Tuesday, March 9, 2010

How do you write?

A Pulitzer Prize winner once told me that he hates writing. He does, however, love having written. I’m trying to tell this to 25 Kindergarteners. An hour earlier, while driving my son to school, he tells me writing stories is not what Community Helpers do. Community Helpers, like the ones lined up to speak to all the Kindergarteners at his school this week, do things like put out fires and make sick children feel better and, you know, talk on TV.


I say, “People pay me to write stories for them. This gives us money to buy your lunches and your HotWheels.” He says, “Oh.”

But I am here, with a short stack of books and magazines under my arm, staring at 25 pairs of impatient eyes who would rather I read to them than talk about what I do. I hold up Kate McMullan's book, “I Stink.” She was at the school last week and the kids adored her. Truman says, “She looks like Grandma, but she’s only 29!” Only 29, and already a popular author. What have I done with my life?

I don’t write stories 6-year-olds would find entertaining. I write about sudden and unintentional acceleration. I tell stories about people who had reactions to medications that left them jerking out of control. I write about women who sue birth control pill makers for blood clots and strokes.

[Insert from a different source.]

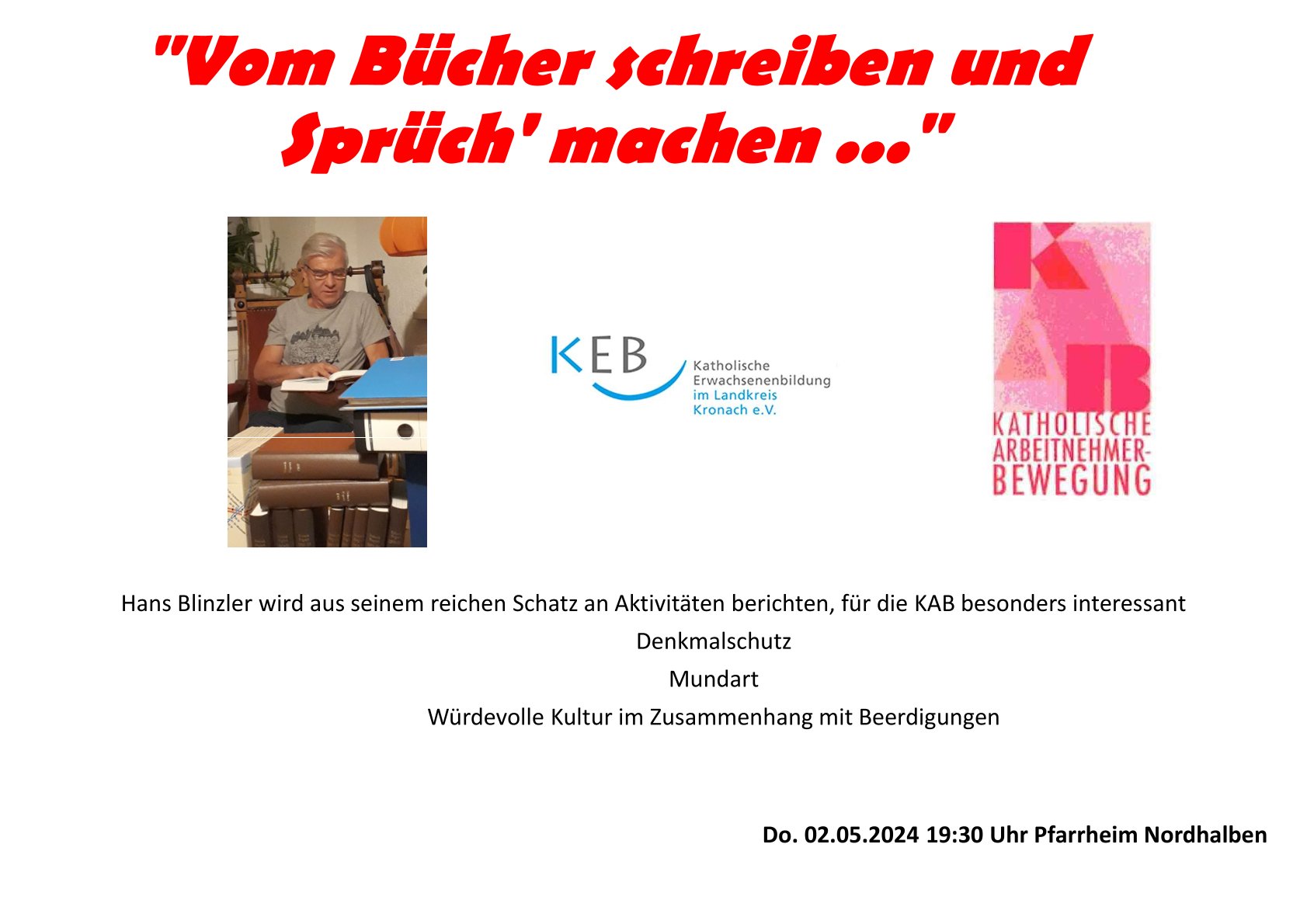 Erwachsenenbildungstermin KEB "Vom Bücher schreiben und Sprüch' machen ..." Am Donnerstag, den 02.05.2024 findet der Erwachsenenbildungstermin KEB "Vom Bücher schreiben und Sprüch' machen ..." im Pfarrheim Nordhalben statt. Diese Veranstaltung im iCal-Format speichern plakat (1).jpg 02.05.2024 19:30 Uhr Kath. Pfarrheim Kronacher Straße 14a 96365 Nordhalben KAB Nordhalben Allgemein

And sometimes I write about my son.

“How do you write?” This question comes after a lengthy pause from one of my son’s favorite friends, who had his arm waving in the air from the moment I started speaking. I want to tell him that sometimes it’s easy. That the words spill out of me when I’m trying to sleep or make breakfast for my son. That sometimes I have to run to the computer to get it all out before the words fall on the floor and disappear forever. And this is when writing is a joy.

But sometimes my mind is silent, and I have to listen for the whispers. I have to coax the words to come, like I did when Coco was a scared kitten, hiding in the bushes where she was tossed by someone who didn’t want her. Sometimes they stay hidden, and I have to leave them be until they are ready to be heard.

But instead I look across the room at the little heads before me, futures of promise brimming just underneath their soft hair. “How do I write?" I say. "Why, I type on the computer.”